Went through the Bain process twice. Got dinged the first time, got an offer the second. Here's what changed.
What I did the first time (wrong approach):
I read two case books cover to cover and did maybe 15 solo cases. I thought I understood the structure. I walked into the interview and froze when the case didn't fit any of the frameworks I'd memorized. Didn't get past first rounds.
What I did the second time (what actually worked):
Case partner sessions. I did about 35 live cases over 6 weeks, all with real partners, half of whom were stronger than me. The discomfort of performing in front of another person is the actual skill you're building. There's no substitute.

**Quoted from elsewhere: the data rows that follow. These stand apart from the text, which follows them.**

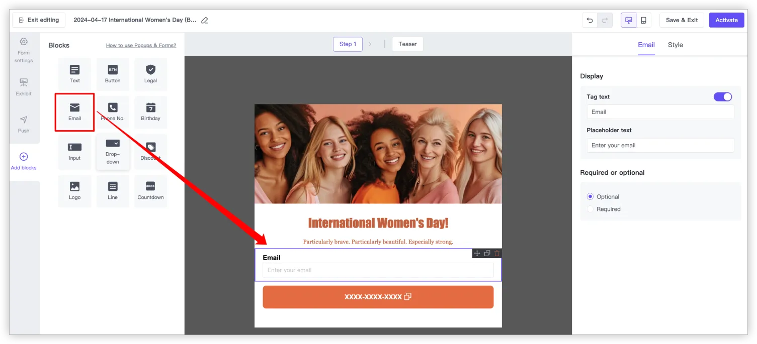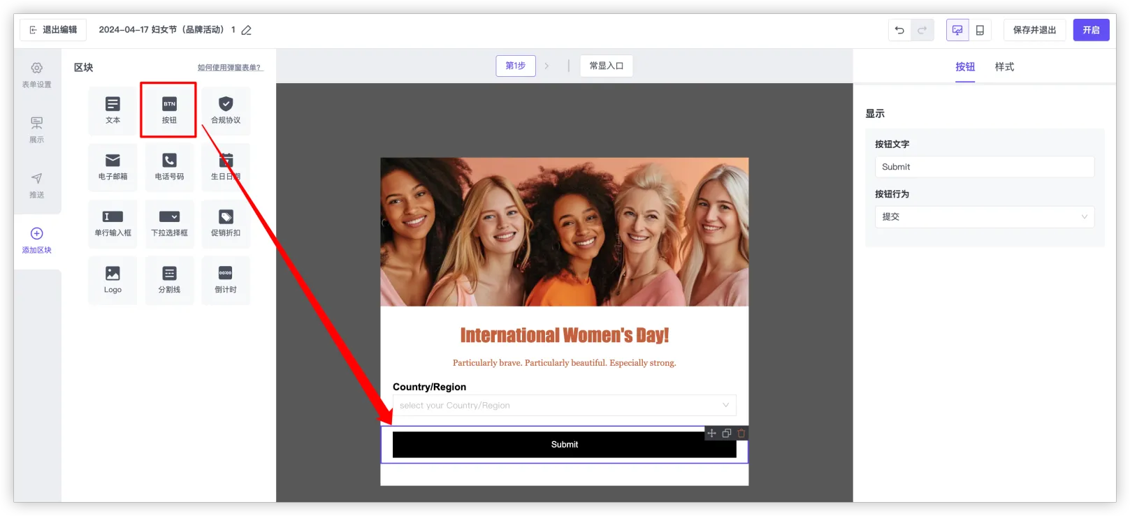 在左侧边栏上,您将能够选择特定内容项并将其拖放到表单内容中。为了完善您的注册表单,您可以添加电子邮箱输入框、电话输入框、日期输入框、单行输入框、下拉选择框、文本、按钮、合规协议,也可以修改图片、插入折扣码。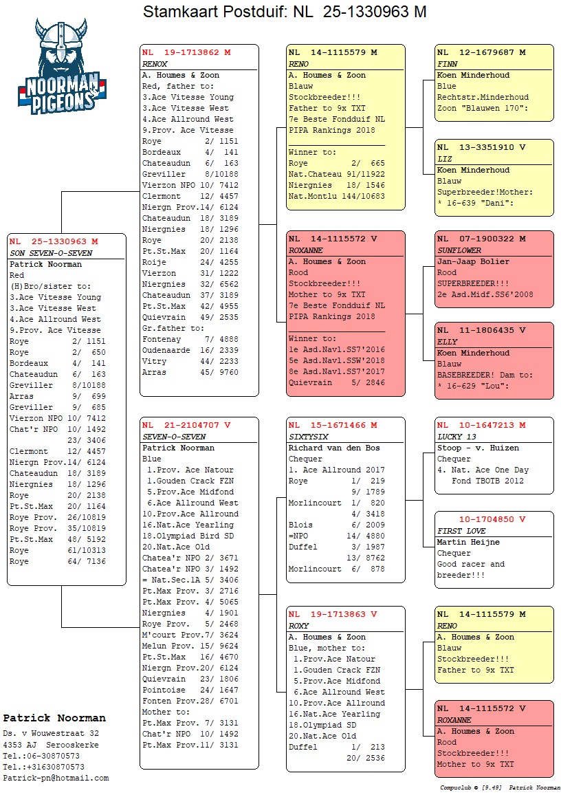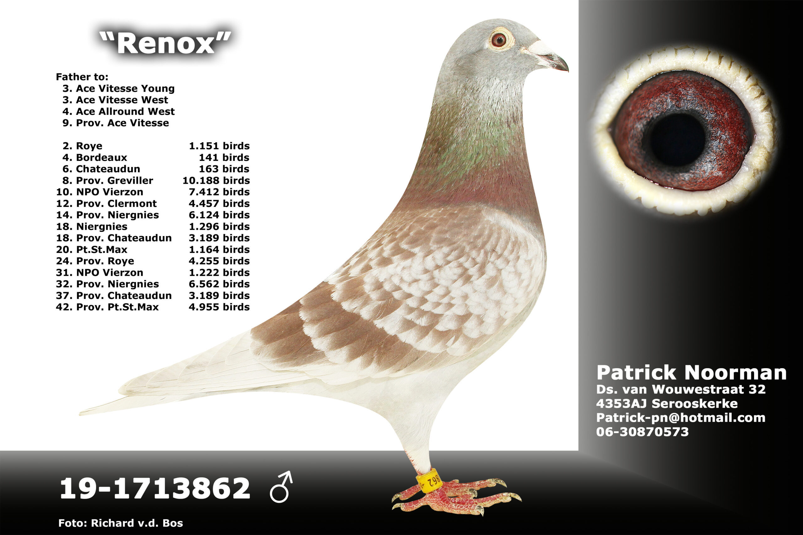 Uit: ”Renox”, 9. Prov. Asduif Vitesse, 2.-1.151 d., zoon ”Reno” & ”Roxanne” x ”Seven-O-Seven”, 1. Gouden Crack Dagfond, 1. Prov. Asduif Natour, 2. NPO 3.671 d., 3. Prov. 2.716 d., 4. Prov. 5.065 d., 5. Nat. 3.406 d., 5. Prov. 2.468 d.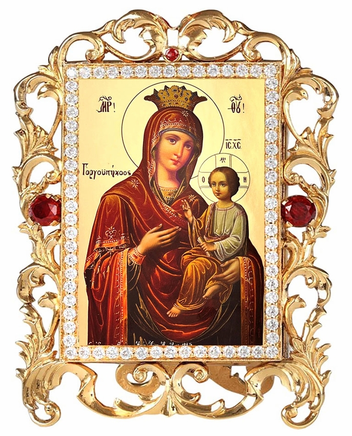 Virgin Mary Quick To Hear (Skoroposlushnitsa), Gold Foil Greek Byzantine Icon. Enameled jeweled framed ornament with its stand and chain.
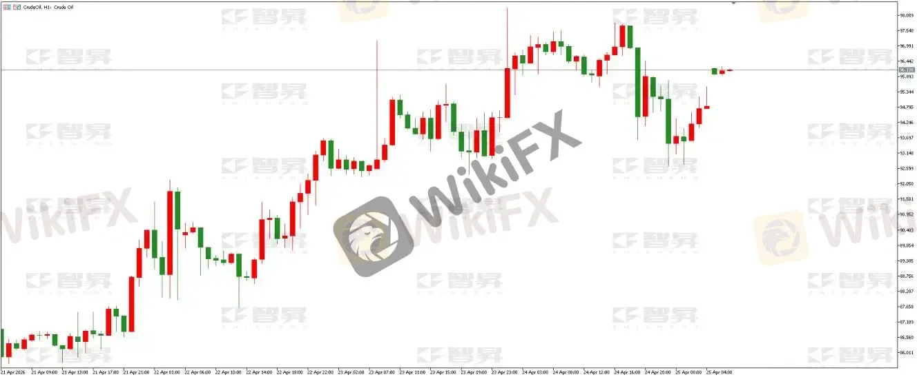 原油日线收小阳线,价格重新进入前期震荡区域,形成高位宽幅震荡是大概率事件。1小时周期形成箱体震荡,短线还有新高,日内可关注下方94.80美元一线的支撑。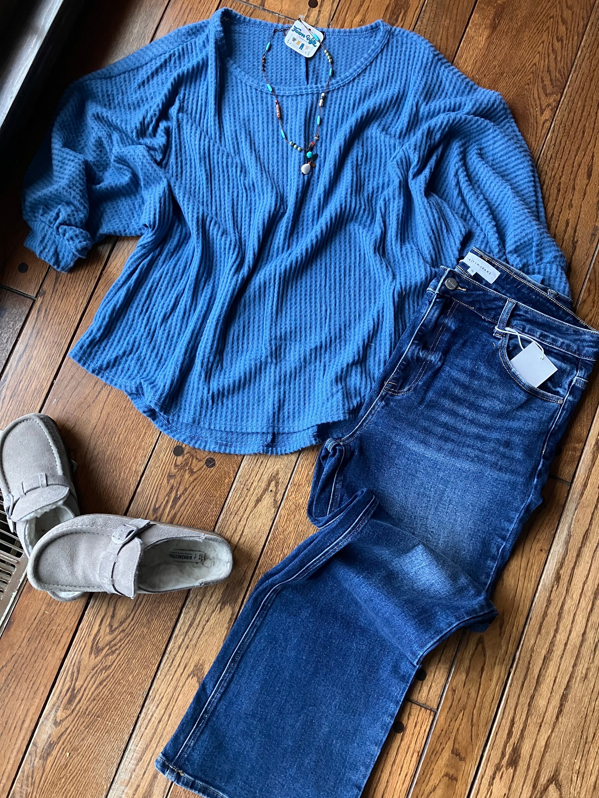Waffle knit, tunic top in a loose fit with a round neckline and 3/4 length bubble sleeves in blue.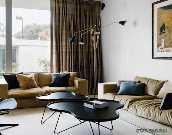 Оригинальности интерьеру придадут асимметричные шторы, одна сторона которых короче другой. Такие портьеры оживляют обстановку.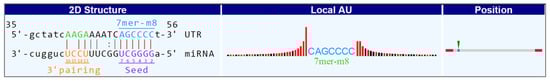 An example of circular RNA and its binding miRNA. The MRE type (7mer-m8), seed region, 3′ pairing, local AU, and position in the circRNA are displayed.
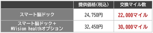 詳しくはWebサイト「JALマイレージパーク - スマート脳ドック」をご覧ください。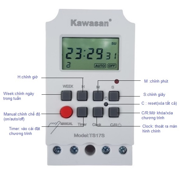 -Công tắc hẹn giờ sẽ hoạt động tuân hoàn theo chu kỳ tự động đã cài đặt (theo ngày hay tuần ),không cần cài lại sau mỗi ngày hoặc mỗi tuần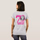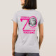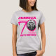 Happy 70th Birthday pink text, name and two photos t-shirt. Fun double sided 70th personalized photo t-shirt in bold pink text design. Personalize this birthday shirt with a photograph of the birthday girl in the middle of the number 0 on both the front and the back. Great idea for adding some fun to a milestone sixtieth birthday party celebration. Other matching items and colors options are available. Exclusive design by Sarah Trett for www.mylittleeden.com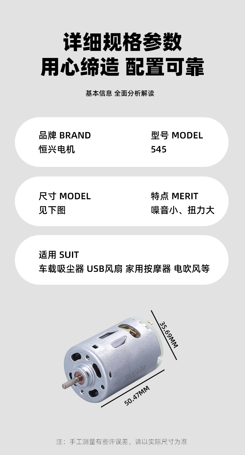 推荐理由:545车载吸尘器小型电机 大扭力高速直流风扇马达 电吹风微型电机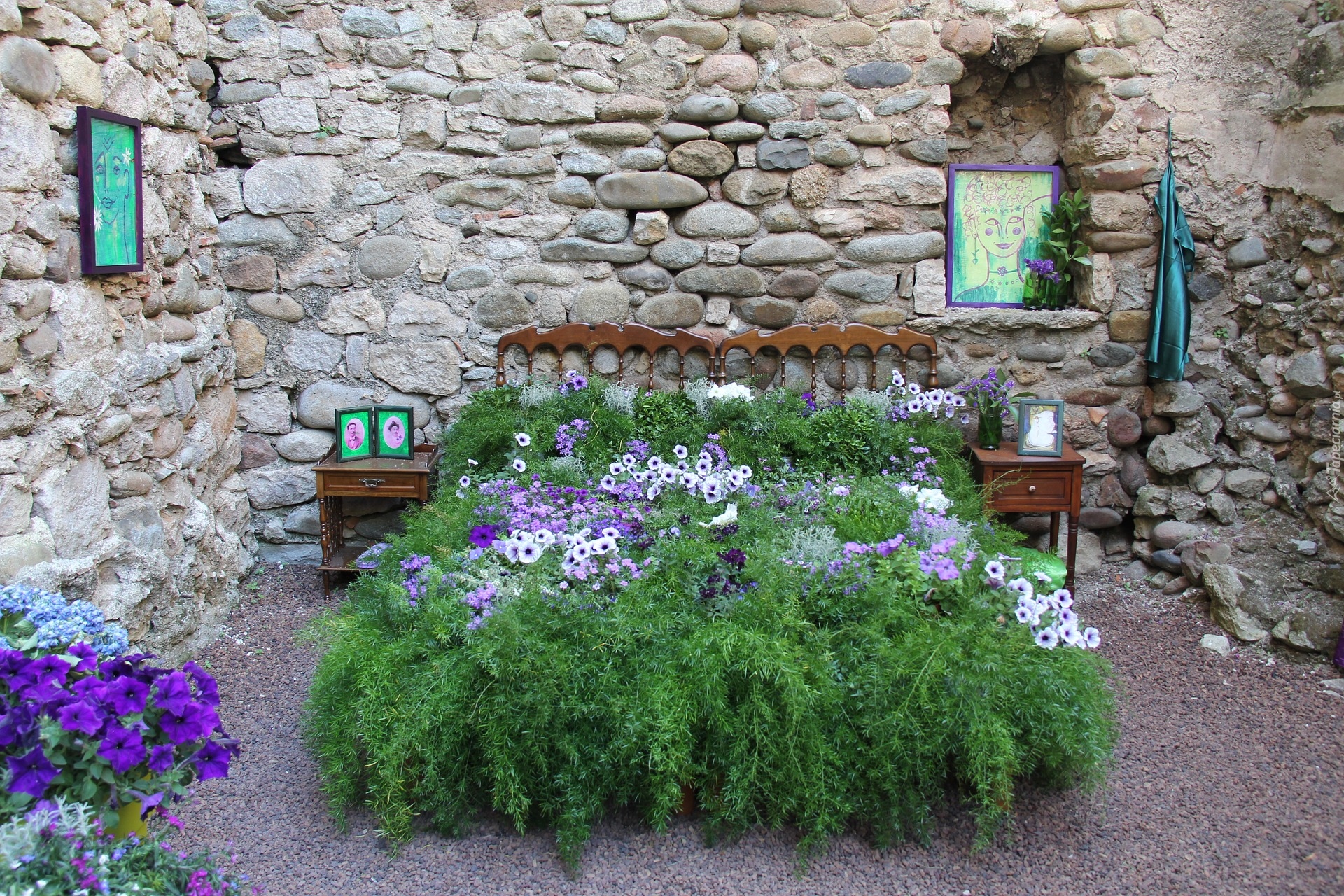 Edytor tapety: Łóżko zasłane kwiatami pod murem w ogrodzie

I also changed how I practiced. Instead of just running full cases, I spent time on specific micro-skills in isolation: exhibit reading (15 minutes with a random chart every day), mental math (market sizing drills), and hypothesis articulation (writing out 'I think the problem is X because of Y, and I'll know if I'm wrong when I see Z' for every case I did).
For behavioral interviews specifically:
Bain's behavioral questions are more analytically framed than most. 'Influence without authority' stories should include a quantitative element or a data-based insight. Generic STAR stories feel thin. Make sure at least two of your stories have a 'I had to use data to convince someone' layer.
The mindset thing:
This is soft but real. The first time I was trying to prove I was smart. The second time I was genuinely curious about the problem. That showed up in how I asked clarifying questions and how I responded to pushback. Interviewers can tell the difference.
Timeline I'd suggest: 8 weeks out: start case book reading + market sizing drills. 6 weeks out: add live case partner sessions, 3-4 per week. 3 weeks out: full mock interviews with written case component if your role requires it. 1 week out: slow down, review your behavioral stories, get sleep.
For what it's worth, the offer I eventually got was for a data and analytics associate role in the firm's advanced analytics practice. The process was similar to consulting associate recruiting but included a more technical data conversation alongside the cases. Happy to answer questions on that specific track.